8 Once the front triangle is brazed up and cooled off, I soak it in a water tank to dissolve the flux. While that soaks I move on to working on the chainstays and dropouts. The 953 dropouts are shaped a little differently than most forged dropouts. The tabs are the exact size of the ends of the chain and seat stays. So rather than slot the stays as if traditionally done, I choose to file the tabs on the dropouts slightly to fit inside the stays. The pictures to the left below shows the chainstay tab filed and ready to go. Once they’re flied and sanded up, I sand the inside and out of the chainstays and flux everything up (center below). With the chainstay held vertically in the vise, I braze the joint with 50N silver to fill up the gaps. Shown below to the right is the finished braze ready to be filed and sanded.

9 After brazing both dropouts to the chainstays, I soak off the flux and then sand in the scallops. These are a little tricky as one slip and really ruin the look. Once the scallops are in both sides, I sand aroudn the diameter of the stays to clean up an residual silver.
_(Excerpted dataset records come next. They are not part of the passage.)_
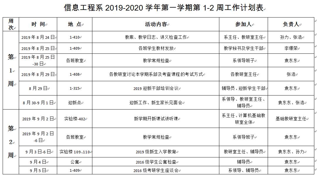 信息工程系2019-2020学年第一学期第1-2周工作计划表
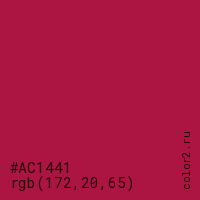 Цвет #AC1441 в цветовой модели RGB обозначается тремя октетами (172, 20, 65) в десятичном формате и #AC1441 в шестнадцатиричном (hex) формате, которые являются интенсивностью красного 172 (hex AC), интенсивность зелёного 20 (hex 14) и интенсивность синего 65 (hex 41).
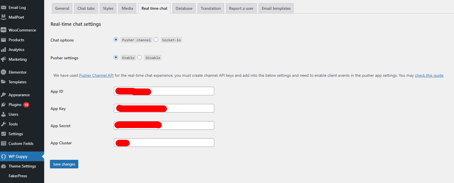 Admin can enable to disable the pusher, if enable then real-time notifications and chat will work. We have used Pusher.com Channels API This API is free for 100 concurrent connections. If your usage is more than 100 concurrent connections then you must buy their plan.
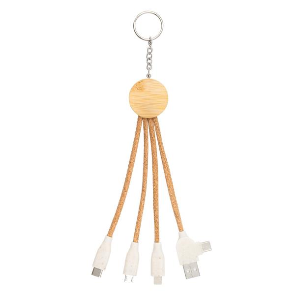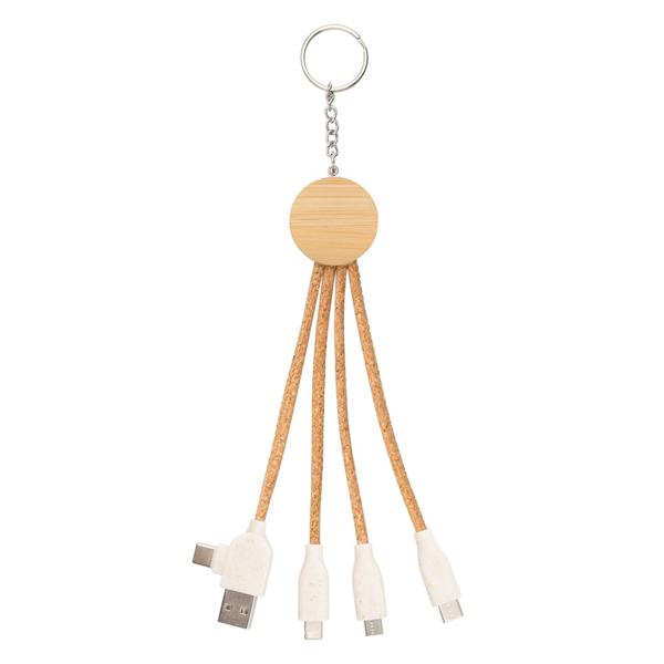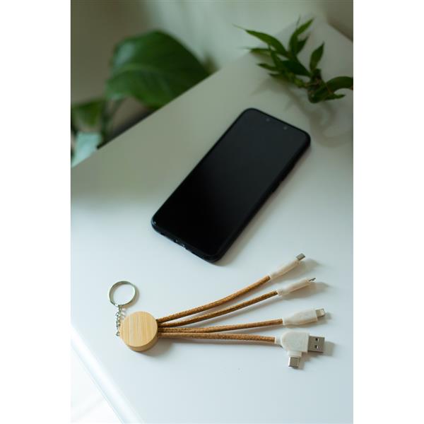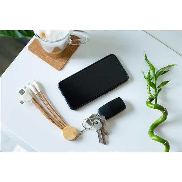 Brelok do kluczy, korkowy kabel do ładowania B’RIGHT, elementy z bambusa i włókien słomy pszenicznej, 17 cm, 5 końcówek: USB, 2x USB-C, micro USB oraz kompatybilna z urządzeniami iOS, moc maksymalna ładowania USB C do USB C 10W, USB C do iOS 10W, USB do micro USB 10W

10 Once the dropouts are all cleaned up and the flux is all soaked off the front triangle it’s time to attach the chainstay. Another problematic aspect of 953 is the shape of the chainstays. They’re ovalized, but not consistently and not that smoothly (compared to most 4130 stays). They have a fairly sharp point at the top and bottom and don’t fit the sockets on the BB shell very well. I have to do quite a bit of filing and sanding to the sockets to make them work and I still end up with gaps at the corners (as shown below left). For this reason I have to braze these with 50N silver to help fill those gaps as there isn’t much I can do to reshape the sockets that much. Once those are brazed in place I move onto the seatstays. They’re fitted up to the dropouts in the same manner as the chainstays, but the seat- lug end is a bit different. On this particular frame I decided to do a fastback style stay with a hidden binder. To do this I turn a solid section of 316 stainless steel rod down to fit exactly inside the top end of the seat-stay, then I braze that into the stay. From there, I miter up the stays as I would any other fastback.

11 Once both seatstays are mitered perfectly symmetric, I clean and flux them up and braze them to the seatlug. This is tricky as the seatlug is brazed with the same silver as the stays, so I need to be very careful not to melt out any of the silver filler between the lug and the main tubes while attaching the stays. In the picture to the left, I have marked where the stainless rod is brazed inside the tube, so I know where to bore the binder bolt hole. Also note, the stays overlap the seatpost slot opening. I plan on beveling the inside of both stays when I cut the slot.

12 Now that the seatstays are attached, I soak them off and give them a quick blast with the sandblaster and move the frame back to the mill. I cut the seatpost slot and the bevel on the inside of the seatstays at the same time on my horizontal mill with an abrasive wheel (below left). After that I hand file the bottom of the slot to make it round and prevent any future cracking. Than I move the frame to the vertical mill to machine the binder bolt hole. I start by drilling a 13/64” hole all the way through both stays perfectly perpendicular to the plane of the main triangle. Then I go and bore the driveside seatstay hole to ¼” and finally counterbore that hole to recess the bolt head. Finally I tap the threads on the non-driveside seatstay hole.